***** Material provided *****
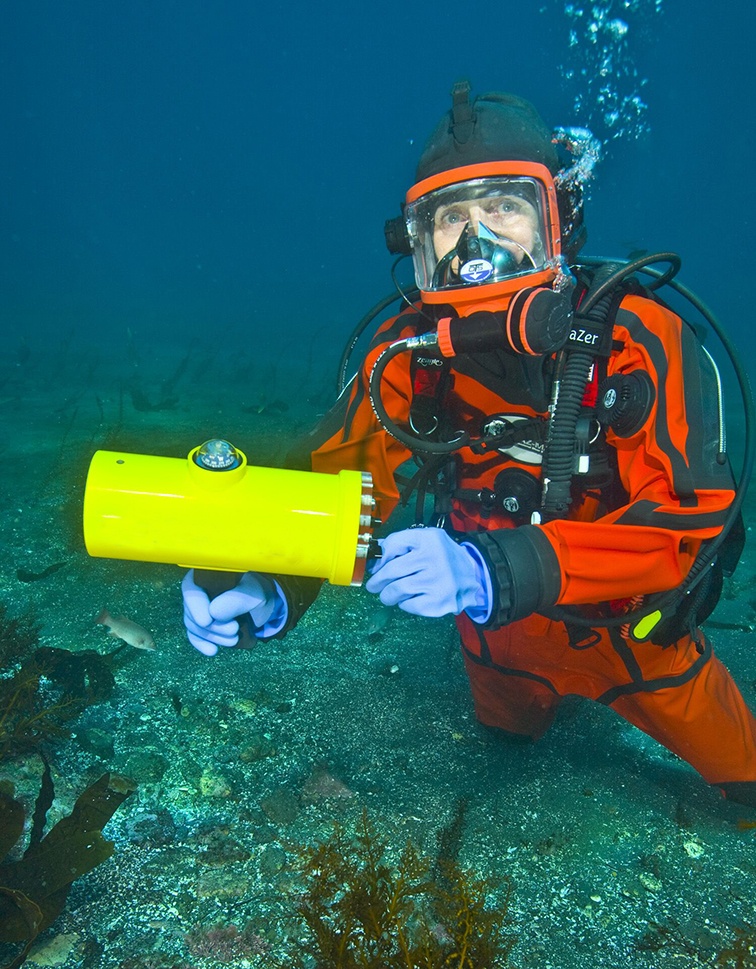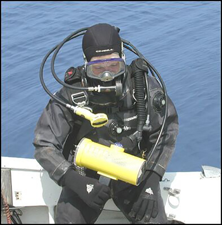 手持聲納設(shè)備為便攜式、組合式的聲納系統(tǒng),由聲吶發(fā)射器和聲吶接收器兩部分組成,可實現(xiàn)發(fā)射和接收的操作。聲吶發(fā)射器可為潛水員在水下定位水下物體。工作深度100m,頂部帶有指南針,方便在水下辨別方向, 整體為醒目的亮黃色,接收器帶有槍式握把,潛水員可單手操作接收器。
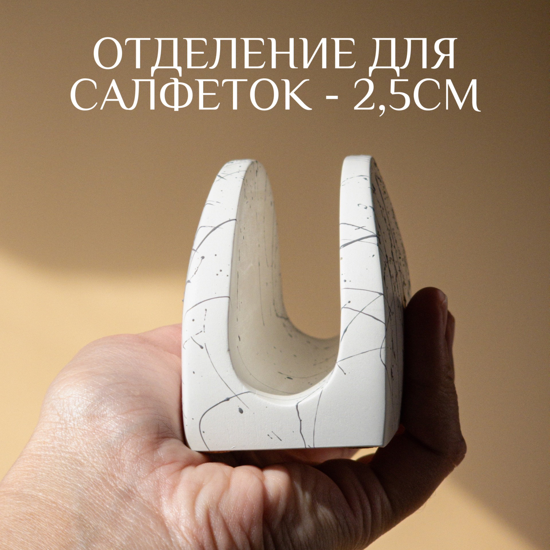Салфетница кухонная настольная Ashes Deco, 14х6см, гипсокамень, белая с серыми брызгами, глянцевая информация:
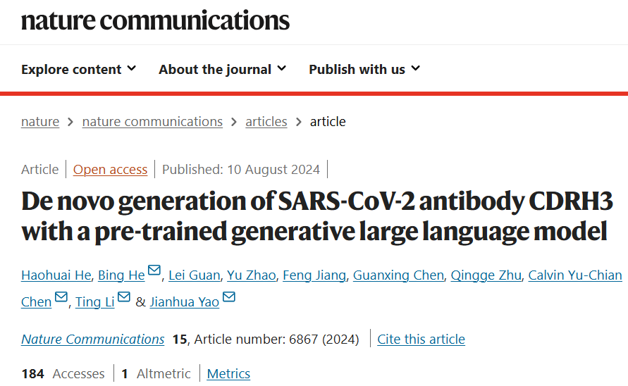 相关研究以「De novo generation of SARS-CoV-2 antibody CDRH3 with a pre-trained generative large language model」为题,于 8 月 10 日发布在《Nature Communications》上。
*****
***** Material provided *****
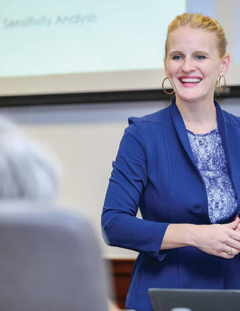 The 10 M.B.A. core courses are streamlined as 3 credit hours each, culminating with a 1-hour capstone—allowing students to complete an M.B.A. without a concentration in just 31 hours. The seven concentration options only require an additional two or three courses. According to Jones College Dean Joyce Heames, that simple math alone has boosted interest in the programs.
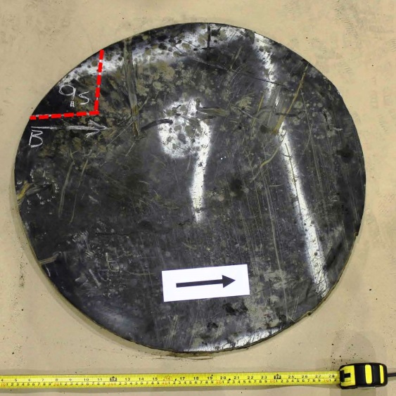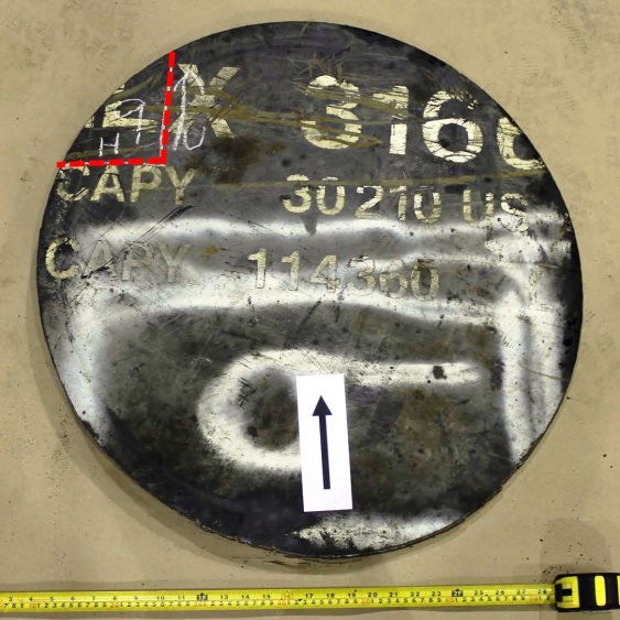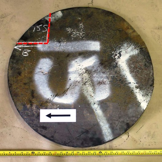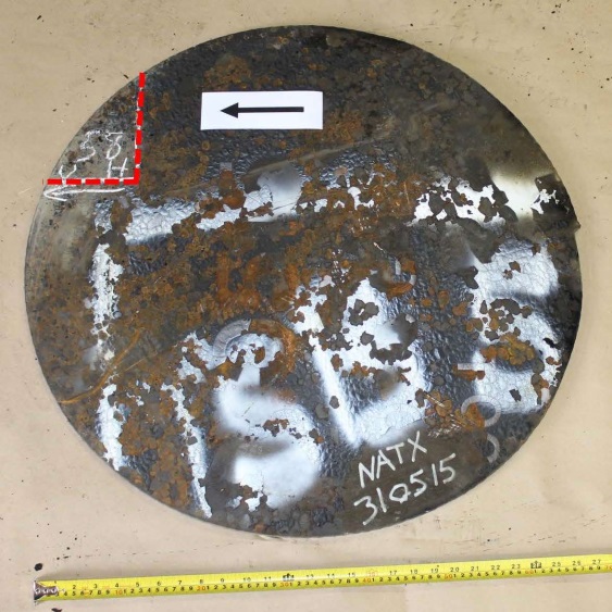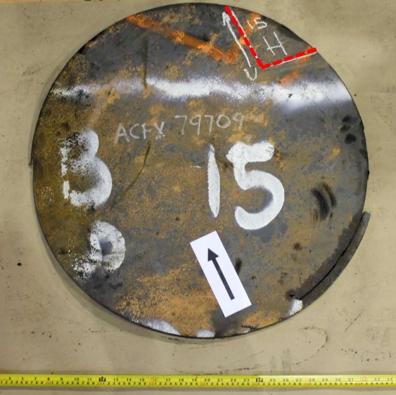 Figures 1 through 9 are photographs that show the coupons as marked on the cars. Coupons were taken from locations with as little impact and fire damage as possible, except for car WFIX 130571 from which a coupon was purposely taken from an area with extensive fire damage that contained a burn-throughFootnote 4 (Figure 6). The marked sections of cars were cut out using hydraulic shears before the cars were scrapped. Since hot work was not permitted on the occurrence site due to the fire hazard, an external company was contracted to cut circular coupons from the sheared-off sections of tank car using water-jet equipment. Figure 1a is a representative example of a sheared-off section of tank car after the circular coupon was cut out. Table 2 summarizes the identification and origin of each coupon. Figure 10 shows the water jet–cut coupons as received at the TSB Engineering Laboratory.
*****
§ Required work
Only the lines of the listing above from the one with "The 10 M.B.A." through the one with "Figures 1 through" should be output, exactly, with both ends kept and pictures left out.

§ Written response
 The 10 M.B.A. core courses are streamlined as 3 credit hours each, culminating with a 1-hour capstone—allowing students to complete an M.B.A. without a concentration in just 31 hours. The seven concentration options only require an additional two or three courses. According to Jones College Dean Joyce Heames, that simple math alone has boosted interest in the programs.
 Figures 1 through 9 are photographs that show the coupons as marked on the cars. Coupons were taken from locations with as little impact and fire damage as possible, except for car WFIX 130571 from which a coupon was purposely taken from an area with extensive fire damage that contained a burn-throughFootnote 4 (Figure 6). The marked sections of cars were cut out using hydraulic shears before the cars were scrapped. Since hot work was not permitted on the occurrence site due to the fire hazard, an external company was contracted to cut circular coupons from the sheared-off sections of tank car using water-jet equipment. Figure 1a is a representative example of a sheared-off section of tank car after the circular coupon was cut out. Table 2 summarizes the identification and origin of each coupon. Figure 10 shows the water jet–cut coupons as received at the TSB Engineering Laboratory.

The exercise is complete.